Description of the task:
The entries below contain pictures, which are to be left out; write out exactly, and only, the lines from the line with "ベーシックなカットソー生地の" up to and including the line with "最热闹的大年三十本县城里的各".

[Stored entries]
§
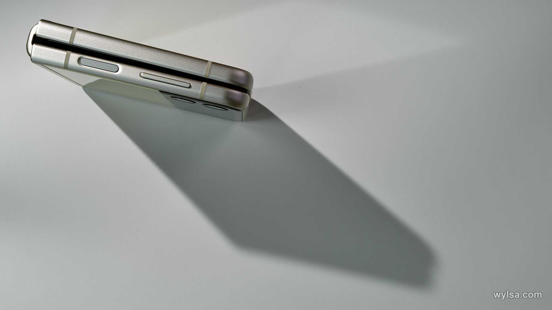 Благодаря прочной алюминиевой рамке на торцах смартфона в закрытом виде между его половинками остается небольшое пространство. Во время теста это не вызвало проблем, хотя сначала казалось, что в «щель» будет попадать пыль и прочие мелочи. По размеру закрытый смартфон не больше привычной раскладушки или пудреницы.
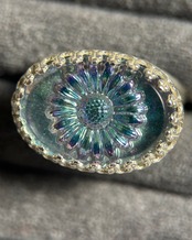 1970年代のヴィンテージガラスをセットし、デイジーの花のような繊細なカットがブルーグリーンの光を映します。
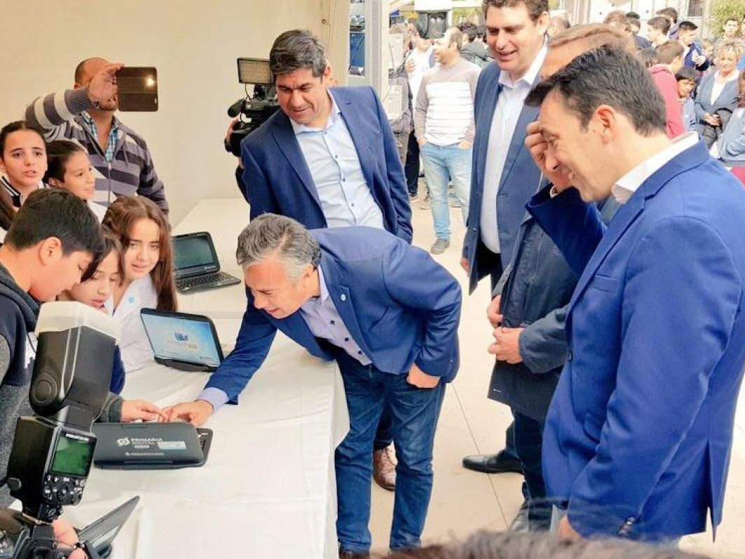 El gobernador recorrió el predio del Polo Tecnológico acompañado por los ministros de Economía, Infraestructura y Energía, Martín Kerchner; de Haciendas y Finanzas, Paula Allasino; y el director general de Escuelas, Jaime Correas, al inaugurar las capacitaciones del programa Mendoza TEC.
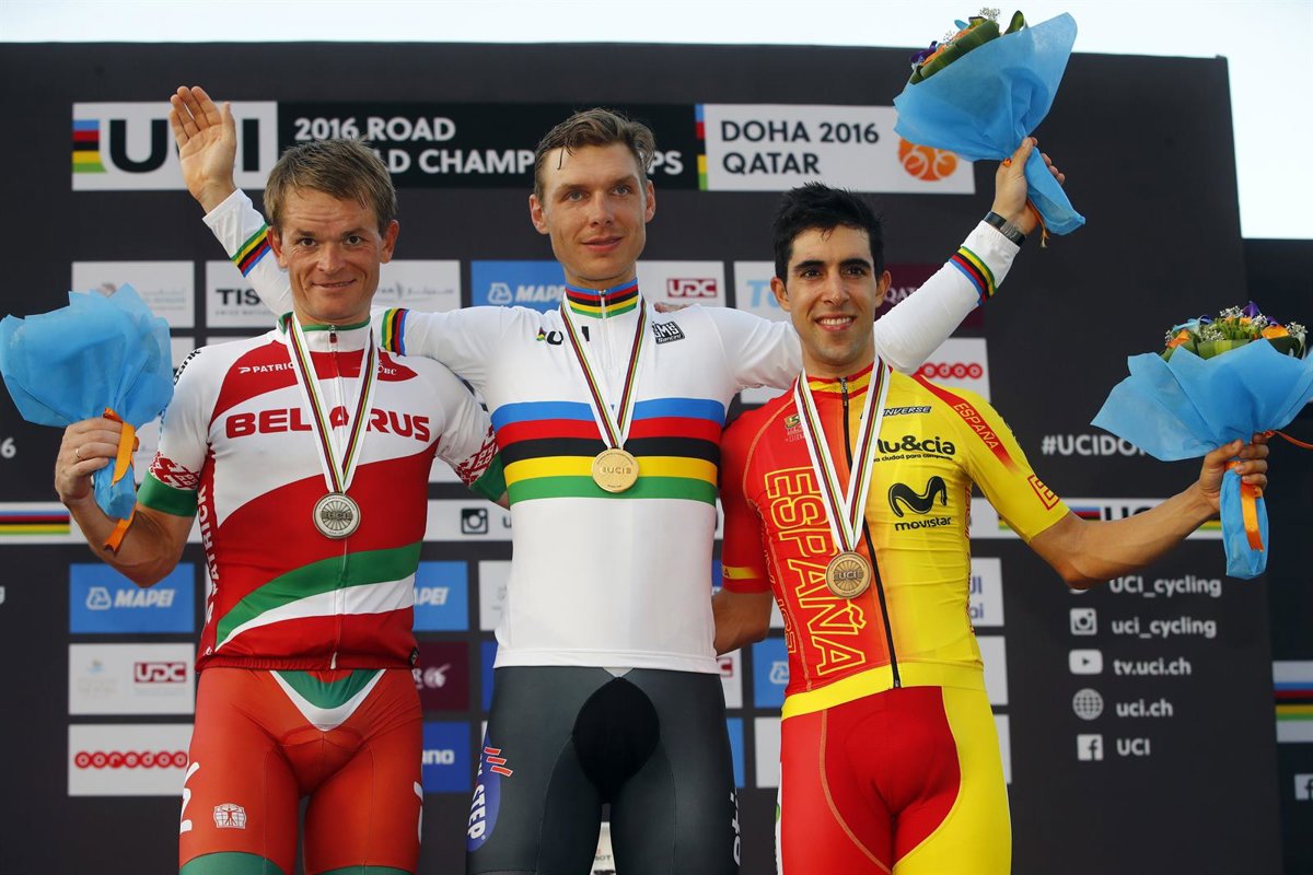 Castroviejo logró así una medalla para España en la crono once años después de que subiera al podio el cántabro Iván Gutiérrez, otro purasangre curtido en las cronos y que se colgó la plata en el Mundial de Madrid en 2005.
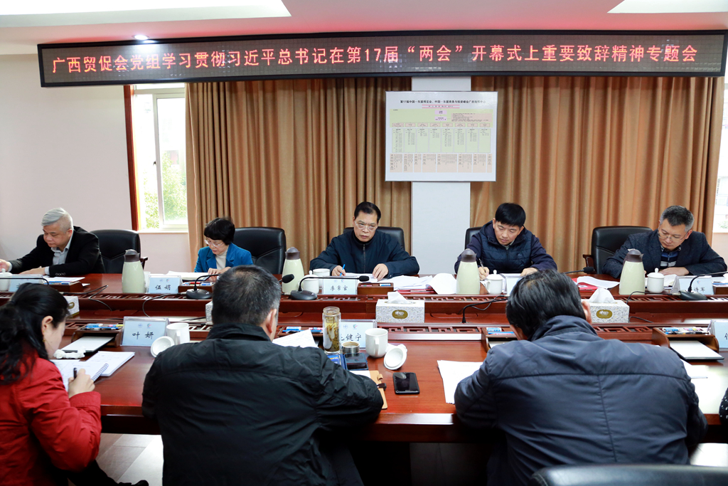 12月2日,广西贸促会党组召开专题会学习贯彻习近平总书记在第17届中国—东盟博览会和中国—东盟商务与投资峰会开幕式上重要致辞精神,研究贯彻落实措施。广西贸促会党组书记、会长李常官主持会议并讲话。
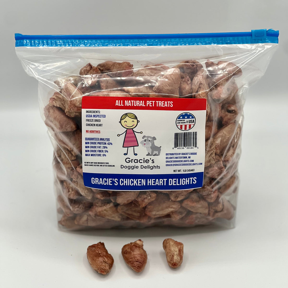 Like all our treats, Gracie's Chicken Heart Delights are USDA inspected meat freeze dried raw with no additives. The slow freeze drying process locks in the delicious flavor that pets crave with no grains, gluten, chemicals or preservatives. It's a raw food treat without the mess. They're the treats pets love and you'll love giving.
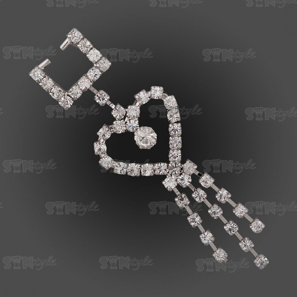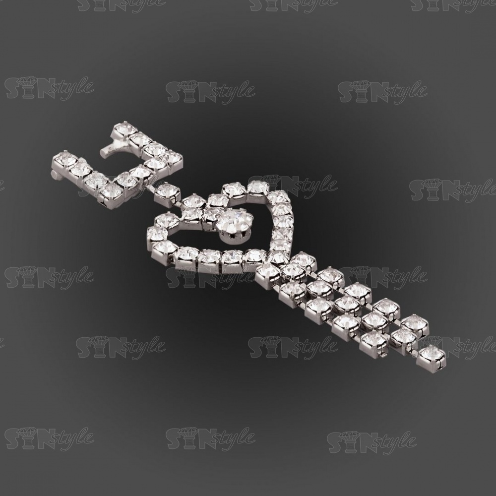 Пряжка металлическая, цвет серебряный+белые стразы, внутренний размер 13 мм
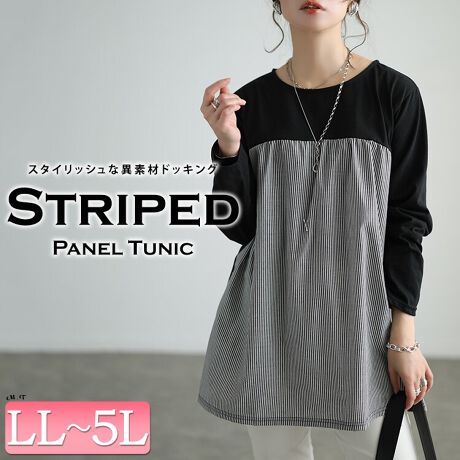 ベーシックなカットソー生地のパネルに、ストライプ柄の布帛生地をドッキングさせたチュニック。前後で異なる雰囲気を楽しめ、さっと着られる手軽さも嬉しいポイント。ビスチェのような切り替えデザインで女性らしさを演出し、ストライプ柄がスタイリッシュ感をプラスします。ブラックベースのカットソーと、ストライプの布帛生地の切り替えデザインで自然と華奢見え。ストライプ柄が着るだけで縦ラインを強調してくれるから、ゆったりなサイズ感でもすっきりとした印象に。ヒップを包み込んでくれる安心のチュニック丈で上半身を丸ごと体型カバー。
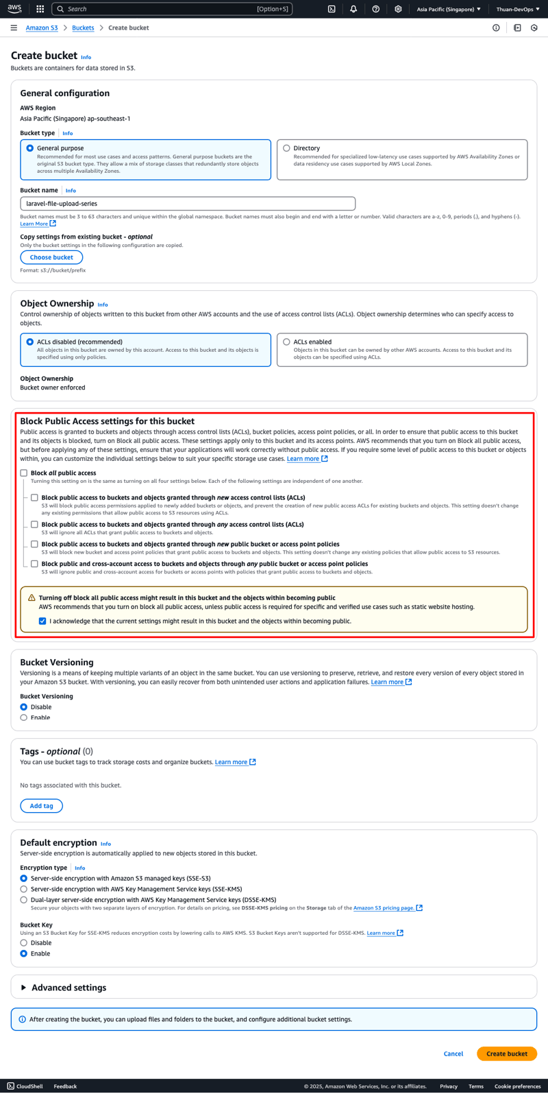 | Tên Bucket | laravel-file-upload-series |
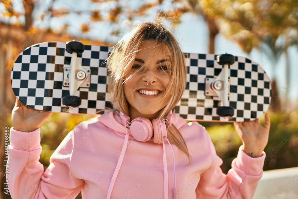 Young blonde skater girl smiling happy holding skate at the city. #499608683
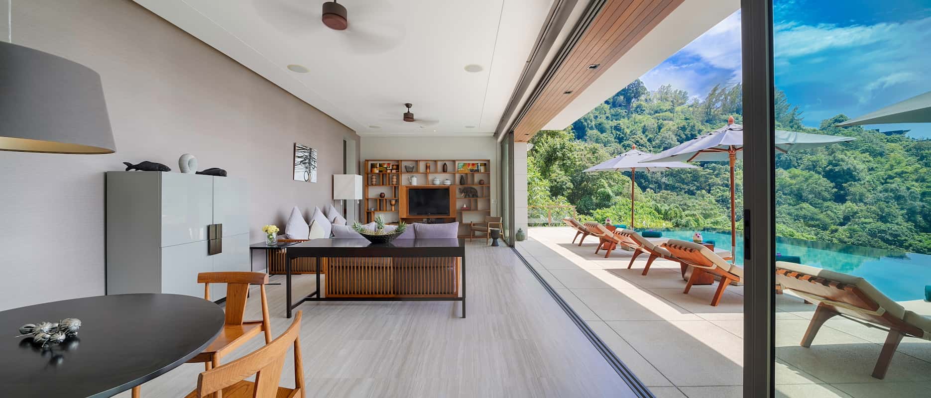 The family room, one level below, opens onto a sun terrace with an infinity pool and a covered area for lounging. Whether hosting a BBQ or playing a friendly poolside ping pong match, every moment at Baan Banyan is curated for absolute enjoyment.
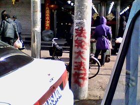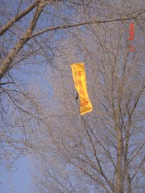 最热闹的大年三十本县城里的各主要街道、商场门前的电线杆上,及桥头出现的“法轮大法好”的真相标语。初一仍然还在。
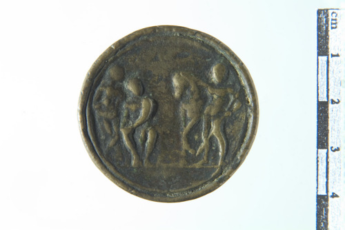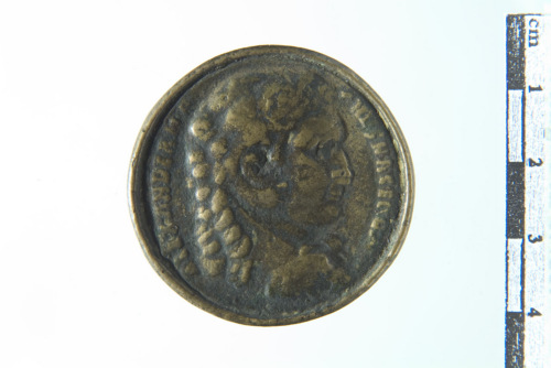 Dritto: Busto di Alessandro Magno con leontè a d.; contorno a bordo. Rovescio: I Dioscuri, uno stante a s. con asta e mano destra appoggiata sul dorso di un cavallo, l'altro seduto frontalmente, rivolto a d., a fianco di Elena stante a d.; contorno a bordo
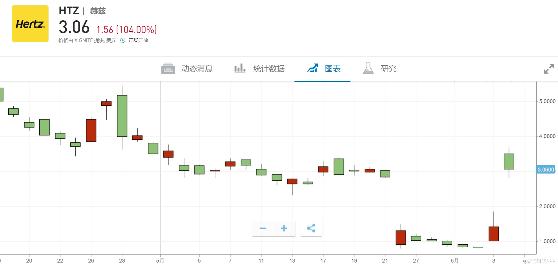智通财经APP获悉,6月5日(周五)美股盘初,赫兹(HTZ.US)股价拉涨,成交量超过1.84亿,为连续第二日上涨。截至北京时间23:00,该股涨104%,报3.06美元。值得注意的是,该股两日累计涨幅高达284%。
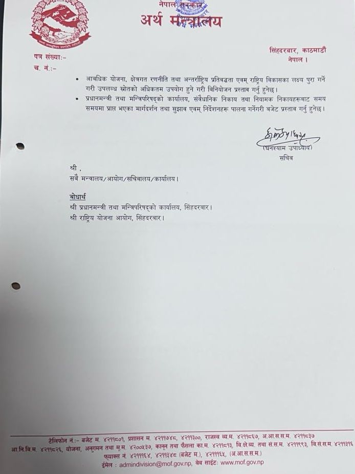 अर्थमन्त्रालयद्वारा बजेट निर्माण सम्बन्धि मार्गदर्शन जारी
§
Expected answer:
 ベーシックなカットソー生地のパネルに、ストライプ柄の布帛生地をドッキングさせたチュニック。前後で異なる雰囲気を楽しめ、さっと着られる手軽さも嬉しいポイント。ビスチェのような切り替えデザインで女性らしさを演出し、ストライプ柄がスタイリッシュ感をプラスします。ブラックベースのカットソーと、ストライプの布帛生地の切り替えデザインで自然と華奢見え。ストライプ柄が着るだけで縦ラインを強調してくれるから、ゆったりなサイズ感でもすっきりとした印象に。ヒップを包み込んでくれる安心のチュニック丈で上半身を丸ごと体型カバー。
 | Tên Bucket | laravel-file-upload-series |
 Young blonde skater girl smiling happy holding skate at the city. #499608683
 The family room, one level below, opens onto a sun terrace with an infinity pool and a covered area for lounging. Whether hosting a BBQ or playing a friendly poolside ping pong match, every moment at Baan Banyan is curated for absolute enjoyment.
 最热闹的大年三十本县城里的各主要街道、商场门前的电线杆上,及桥头出现的“法轮大法好”的真相标语。初一仍然还在。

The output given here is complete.